Hi! This is Shirokuma @ Cucumber.
Last time installed Ruby on a personal computer and built a Jekyll environment. Also, a repository is created on GitHub, and Push in the initial state is finished. See the previous article for details.
We will improve this too simple theme!
First of all, I will search for a theme that feels like "this is it!"
There are a lot of them on this site, so let's find them.
If you find it, download the repository for that theme and unzip it.
By the way, I used this theme Galada.
In the previous article, I was hoping to hit various commands and start a local server, but that is a ** operation check to see if Jekyll is installed properly! !! !! ** ** Everyone who expected that to become a site as it is,
** Super Super Ultra Hyper I'm sorry! !! !! !! !! !! !! !! !! !! !! !! ** **
I will copy and paste the expanded contents in a primitive way. ** Erase all the contents of the repository once ** and expand the contents of the zip you answered earlier. I think you don't have to keep README.md separately. Like this, push all the folders on the right to the left. (This is the image before erasing everything and plunging into it.)
Now let's check if it works properly. Looking at the README.md for the theme I chose,
To run the theme locally, navigate to the theme directory and run bundle install to install the dependencies, then run jekyll serve or bundle exec jekyll serve to start the Jekyll server.
Translation: To make it work in your local environment, in that directory
python
$ bundle install
And then
python
$ jekyll serve
Ka
python
$ bundle exec jekyll serve
Please ☆
It was said that, when I hit these at the command prompt as instructed, This time it's done!
Edit _config.yml
in the directory. The writing method is as shown in the example. I think there are various additions depending on the template, but please read the README of the template and do your best.
python
title:This is the blog name
description:Please explain
baseurl: "" #Only double quotes are fine
url: "https://hogehoge.github.io/"
Basically, you can post an article by creating a markdown in the _post folder and pushing it remotely. As for the format, this depends on the template used, so refer to the README for that template.

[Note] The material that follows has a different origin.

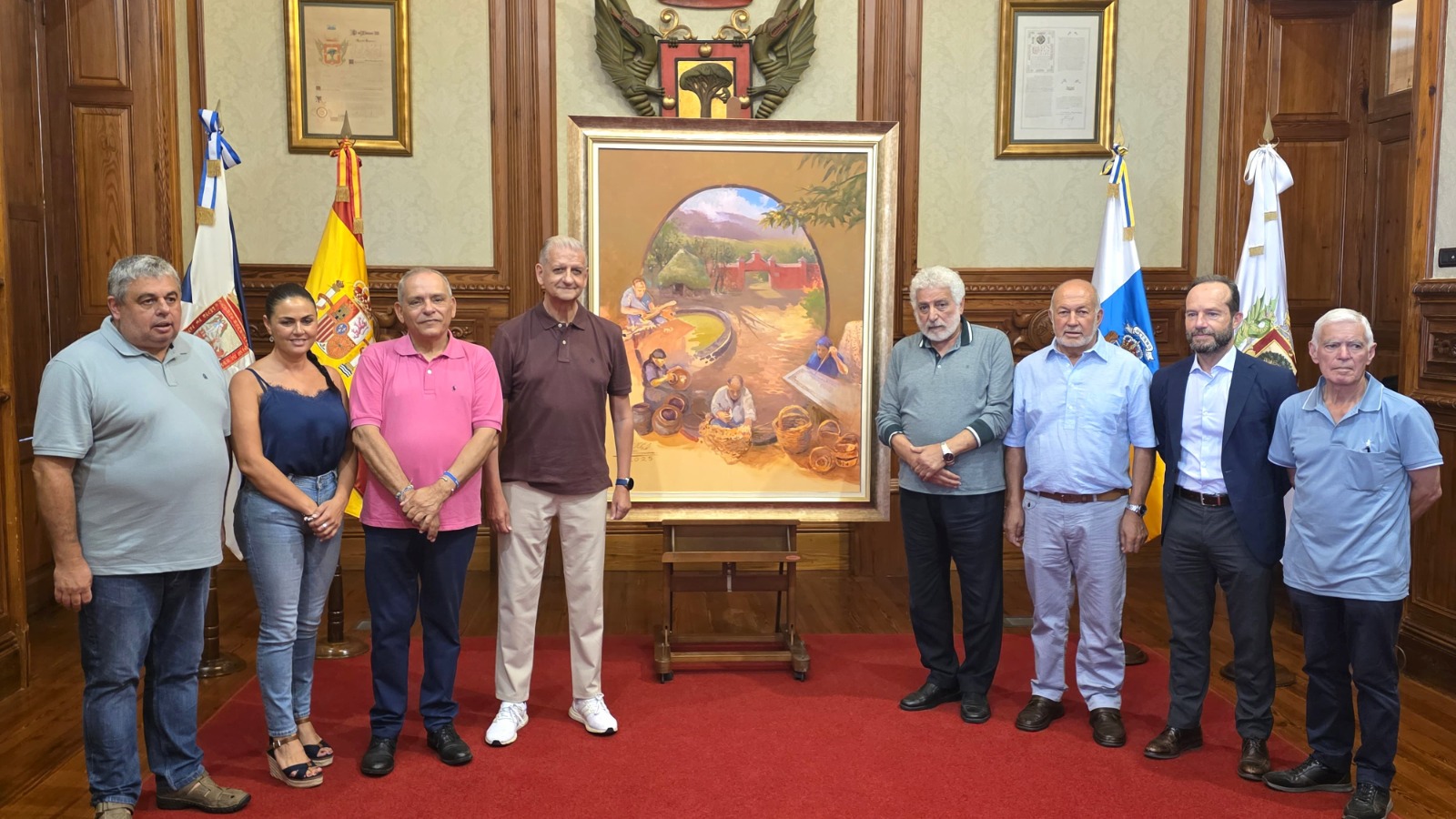 El cartel anunciador y los principales actos que conformarán el programa han sido presentados este martes [29 de julio] en el salón noble de la Casa Consistorial villera de la mano del alcalde Francisco Linares; el consejero insular de Desarrollo Económico, Efraín Medina; el presidente y gerente de la Asociación Cultural Pinolere, Leoncio Luis y Jesús García, respectivamente. También se contó con la presencia de la concejala delegada de este núcleo urbano, Yurena Luis; el director de la oficina de Cajasiete en La Orotava, Pablo Ascanio, y autor del cartel anunciador de esta edición de aniversario, Mohamed Osman, prestigioso acuarelista nacido en El Cairo que reside en La Orotava desde el año 1986, y siempre ha estado comprometido con el patrimonio natural, arquitectónico y tradicional de las islas.

I think that you may change the design slightly to your liking based on the template. In that case, please play with css by yourself. I will omit how to play with it. (I don't think people who can't mess with it at all will not create a blog on GitHub Pages.) My template uses scss, and the design collapsed and I got stuck for a moment, but once I installed Node.js, it worked fine. It's done.
――GitHub Pages and Jekyll that can be customized so far for free are amazing! --Clone the template and copy and paste it to your repository. --If it doesn't work, read the README carefully!
This is Shirokuma @ Cucumber!
Shirokuma @ Cucumber's Blog is a blog created through this article. I will do my best to update it, so please come!